Юрий Иванович отхлёбывает чай с лимоном и победоносно оглядывает сидящих за соседними столиками старичков.

 

Прилив сил, азарт, желание свернуть горы – после завтрака я вывесил на дверь номера табличку «не беспокоить» и принялся за работу. Через час с небольшим перечитал написанное.

 

Поднимаюсь по гранитным ступеням центрального входа, нажимаю ручку стеклянной двери и неожиданно оказываюсь в буйстве живой зелени. Восемь рослых фикусов, в громоздких, как пушечные лафеты, кадках, расставлены в строгой симметрии по четыре с каждой стороны относительно воображаемой линии «входные двери – стойка администратора». Но только фикусам удаётся придерживаться порядка, дальше хаос. На низких дубовых подоконниках, а также на полу вдоль стен и особенно по углам царит недоступная человеческому глазу суета. Это бесчисленные орды — манстеры, драцены и диффенбахии тянут свои хлорофильные конечности к солнцу, теснят друг друга в битве за внимание сестры-хозяйки, ежедневно обходящей владения с садовой лейкой в руках. Даже доска почёта с двумя рядами черно-белых снимков в прозрачных кармашках кокетливо украшена зацепившимся за натянутую леску плющом.

Бледный, почти плоский древний кактус уже который год следит за всеми, наблюдает отстраненно и безразлично.

В глубине, около больших, прямоугольных и неудобных диванов, обтянутых коричневой замшей, замер один на двоих журнальный столик. С его прозрачной столешницы с фальшивой непринужденностью зазывает, словно бы подмигивает пыльным глянцем тощая стопка журналов.

На моём этаже ковровые дорожки, местами вытертые.

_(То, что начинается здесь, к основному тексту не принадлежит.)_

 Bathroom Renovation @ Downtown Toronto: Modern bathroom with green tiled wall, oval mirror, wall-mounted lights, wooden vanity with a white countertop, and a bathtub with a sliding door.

Слева от лестницы рабочее место дежурной сестры, стул и стол с неизбежным журналом приёма-сдачи смены, массивной настольной лампой и стационарным, цвета слоновой кости проводным телефонным аппаратом.

Наверное, пансионат захлестнула петля времени, или просто здесь, за высоким забором оно застыло как капля живицы на нарочно процарапанной коре. Живица, сукровица, водица. Живица —  это просто слово, название, кедровая смола. Тугая, янтарно-жёлтая субстанция липнет к зубам и наполняет рот всепобеждающей хвоей. Время застывает желтой медленной каплей. Здесь, за этим забором, под этой крышей время застывает. Под этой крышей последние полвека ничего не меняется, разве что цвет ковровых покрытий когда-то был ярче, да на стене в обеденном зале вместо нынешнего черного прямоугольника плазмы красовалось внушительных размеров полотно в толстой позолоченной раме. Работа кисти местного художника Энгельса Козлова, картина, прославляющая нерушимый союз охранника порядка и человека труда, союз насколько лживый, настолько и двусмысленный.

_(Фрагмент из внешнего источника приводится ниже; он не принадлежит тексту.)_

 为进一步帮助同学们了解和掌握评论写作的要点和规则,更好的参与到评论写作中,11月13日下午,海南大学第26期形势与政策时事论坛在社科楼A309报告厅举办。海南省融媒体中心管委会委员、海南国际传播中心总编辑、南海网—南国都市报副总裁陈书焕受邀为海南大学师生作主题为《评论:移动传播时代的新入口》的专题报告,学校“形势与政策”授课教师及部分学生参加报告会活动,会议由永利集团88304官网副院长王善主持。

Сонная оторопь, казалось, навечно охватившая оба корпуса нарушается трижды в день, строго по расписанию. Это шаркающей походкой выбираются из своих комнат на трапезу обитатели пансионата, по большей части седые и сгорбленные.

 

Ч-чёрт! Первый блин комом. Увлёкся! Оле Лукоев, ты хочешь работать на Сперанского? Так пиши то, что ждёт от тебя Сперанский, а не путевые заметки!

 

— Вы уж простите старику его неуместное любопытство – проницательный Юрий Иванович «вычислил» меня за ужином на четвёртый день пребывания в пансионате —  но вы не сотрудник нашего ведомства, правильно?

— Вынужден согласиться. Верно. А по каким приметам вы догадались?

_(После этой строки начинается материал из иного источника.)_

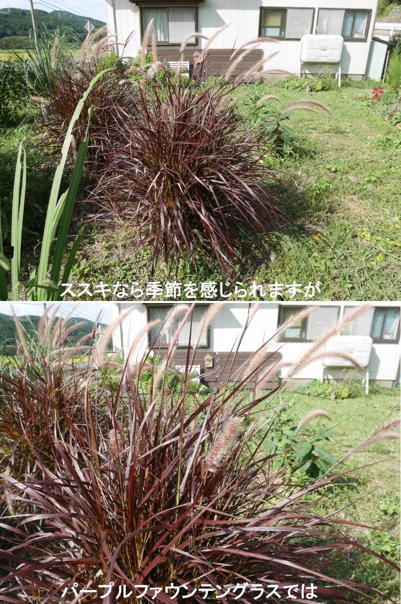 ススキが穂を靡かせれば四季の移り変わりを感じますが、パープルファウンテングラスは、黒色に近い美しい銅葉に赤い涼し気な穂をつけ、夏の暑い花の少ない時期に花壇を涼しげに彩ります。赤い穂はやがて種が熟すと茶色になりますが、種に栄養を取られると生育が穏やかになりますので色が変わる前に取り除いて下さい。イネ科なので暑い時にはどんどん生長しますので定期的な追肥を行って下さい。秋になると葉はより銅色を帯びてきます。土が凍らなければ0℃位までは大丈夫なようですが安全に越冬させる場合は5℃以上必要です。https://www.ji3.biz

— Рыбак рыбака… Я своих отличаю. Взгляд у вас, извините, непрофессиональный. «Наши» —  они либо оценивают, и это заметно, либо закрываются и это тоже заметно.  

Юрий Иванович скучает и не прочь поболтать о том о сём, к тому же я ему интересен, это чувствуется. Будь его воля, он проводил бы в моей компании гораздо больше времени. Я тоже чувствую симпатию к своему соседу, но работа прежде всего. Сценарий движется медленно, хвастаться нечем. Поэтому на наше общение во время трапез смотрю исключительно как на необходимую и полезную разрядку в коротких перерывах между сеансами мучительного выдавливания из себя текста. Чувствую, как начинаю ненавидеть ноутбук и ни в чём не повинный полированный стол в своём номере в придачу.

— С «вашими» понятно. А я как смотрю?

— Невнимательно. Как скучающий зевака, извините. Потому и удивился, что делает чужой в этом месте. К тому же все прочие обитатели вам в отцы годятся, как минимум.

— А если я внештатный сотрудник?

— Упаси Бог! Такие сюда не ездят. Мало ли кто кого случайно встретит. Нет.

— Всё верно, Юрий Иванович. Я никоим боком с органами не связан, тем не менее, я не совсем посторонний. Я писатель. Пишу о вас. Да, да, о вас. О милиционерах, о сотрудниках спецслужб разных. О шпионах надеюсь тоже написать. Детективы в стиле ретро.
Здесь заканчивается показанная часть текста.